| Source material |
□ □ □ □ □
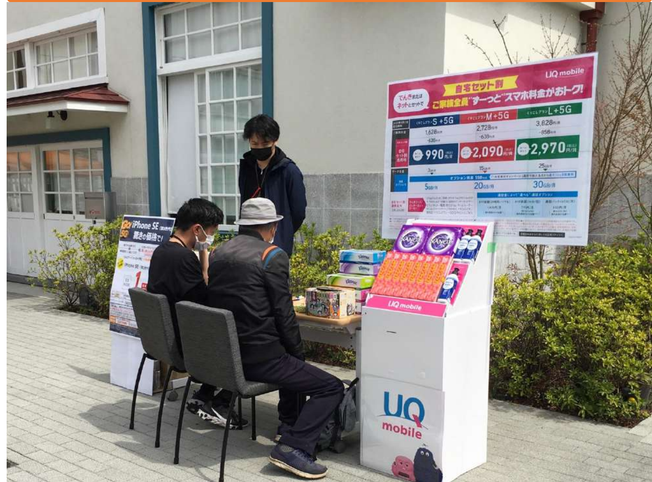
展開中の様子から
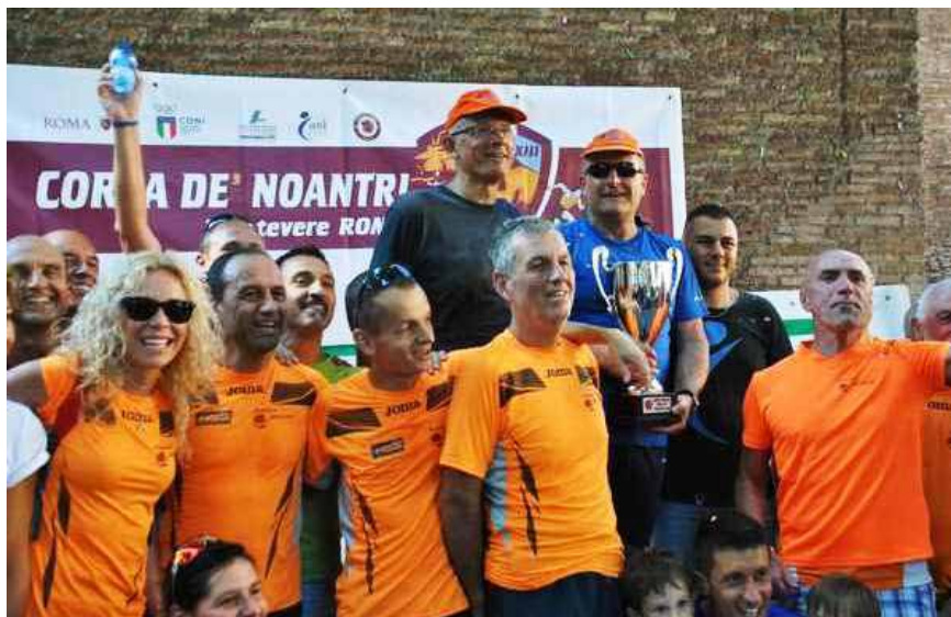
Gli orange festeggiano la vittoria societaria alla Corsa de' Noantri

Siamo oramai in piena estate, il caldo non dà tregua ma nonostante ciò gli atleti orange hanno risposto presente a quasi tutte le manifestazioni podistiche che si sono svolte in questo mese di Luglio portando a casa tanti ottimi risultati sia a livello societario che a livello individuale.
□ □ □ □ □
| Work instruction |
Since the listing holds pictures, return everything else in it exactly and omit those.

| Result |
展開中の様子から
Gli orange festeggiano la vittoria societaria alla Corsa de' Noantri

Siamo oramai in piena estate, il caldo non dà tregua ma nonostante ciò gli atleti orange hanno risposto presente a quasi tutte le manifestazioni podistiche che si sono svolte in questo mese di Luglio portando a casa tanti ottimi risultati sia a livello societario che a livello individuale.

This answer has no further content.